Written by: William Buck on Tuesday, March 28, 2017

At some point in the life cycle of every business, due to a variety of factors, such as the retirement of the owner/ founder, personal issues or market circumstances, you must consider your business’s succession.  Deciding the best options for the future is both an important and sensitive issue.



Often the owner or founder has a strong emotional connection to the business having put in countless hours of hard work and dedication.  Yet in spite of this, a discussion on exit strategy and succession planning is frequently one-dimensional; ‘do I want to sell my business?’, rather than a much wider oversight of where the business is at in its life cycle, and the financial and personal needs to the owners.  

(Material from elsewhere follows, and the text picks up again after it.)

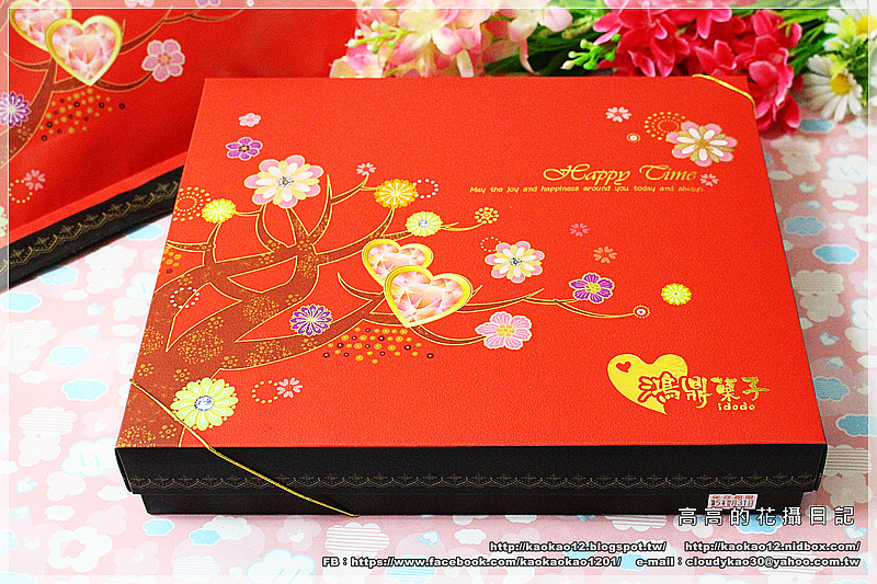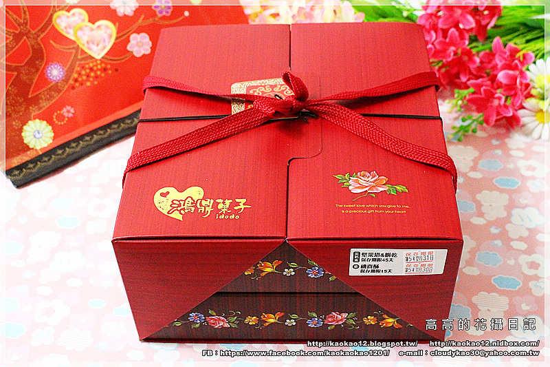我特別喜歡悅滿真情禮盒在大紅外盒上彩繪的這些花朵圖案。
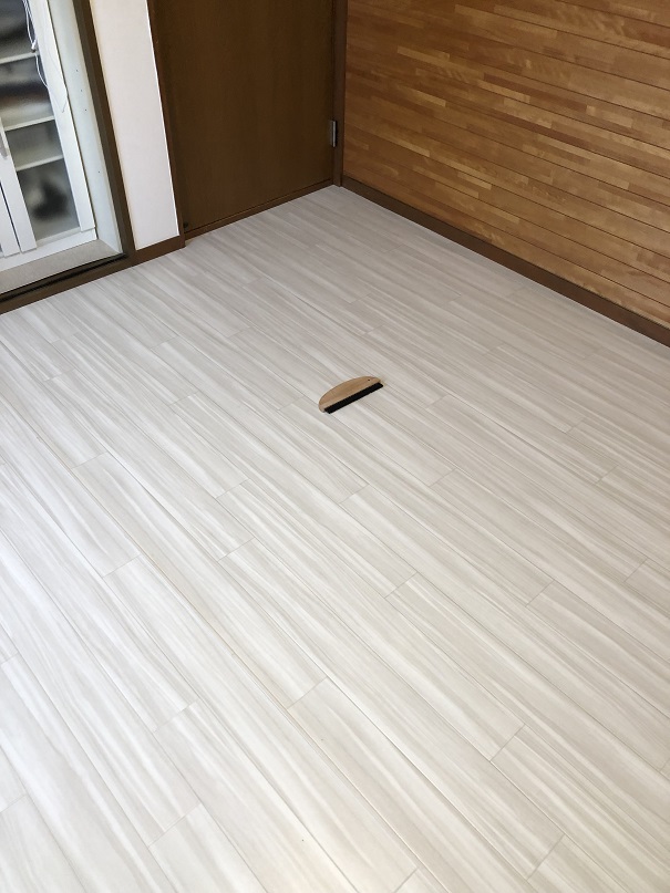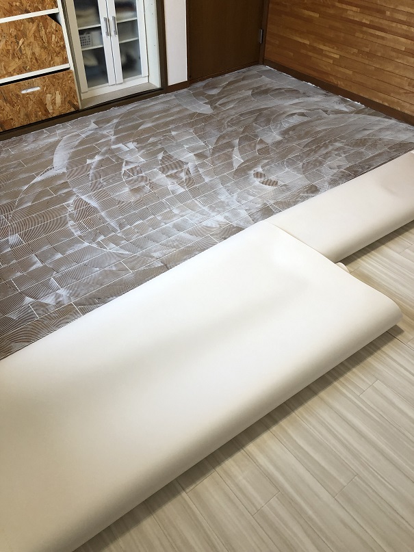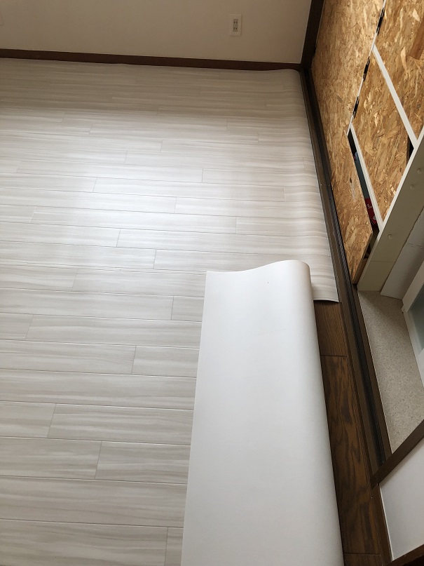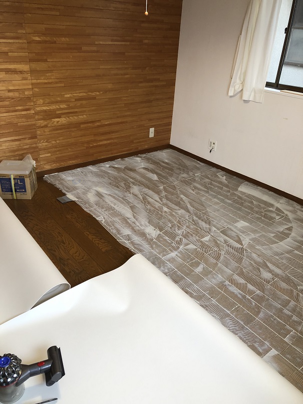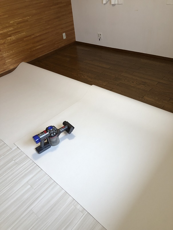 (クッションフロアの裏にはグラスウールが含まれていて肌がチクチクするので、肌が直接触れない方が良いです)

Decisions on whether to pass the business onto the next generation of family, going public or selling all or part of the business, requires a well-thought-out plan. To achieve the right outcome for the key stakeholders involved, some important questions need to be considered, including:

  • Do you wish to continue owning the business? Are you ready to retire?
  • Is the business dependent on one key person (‘key man risk’) and how can this be managed?
  • Is there sufficiently capable management to continue growing the business?
  • Is the business your main income producing asset and how can this be unlocked?
  • What are the estate planning issues that need to be considered?

When it comes to preparing their succession plan, many owners consider this process only when they are ready to exit their business. Leaving succession planning to the last minute, however, can heavily impact both the financial and personal outcome later down the track. We encourage business owners to consider their exit strategy well before their anticipated exit. 

Exiting a business is a two-step process as shown in the diagram below.  The first step involves determining your objectives and understanding the options available.

Issues to bear in mind include: when would you like to exit? Do you understand the current value of the business and how it’s derived? What would you like the business to look like in the future? How are you going to get there? And what are you expectations on sale?  Are there any impediments to achieving these expectations?

An advisor will be able to work through these questions with you and develop a plan to align your personal and business objectives thereby improving the value of the business.  The second stage involves the practical steps involved in selling your business or handing it down to the next generation.  Achieving a successful outcome in stage two is often largely dependent on the comprehensiveness of planning in stage one.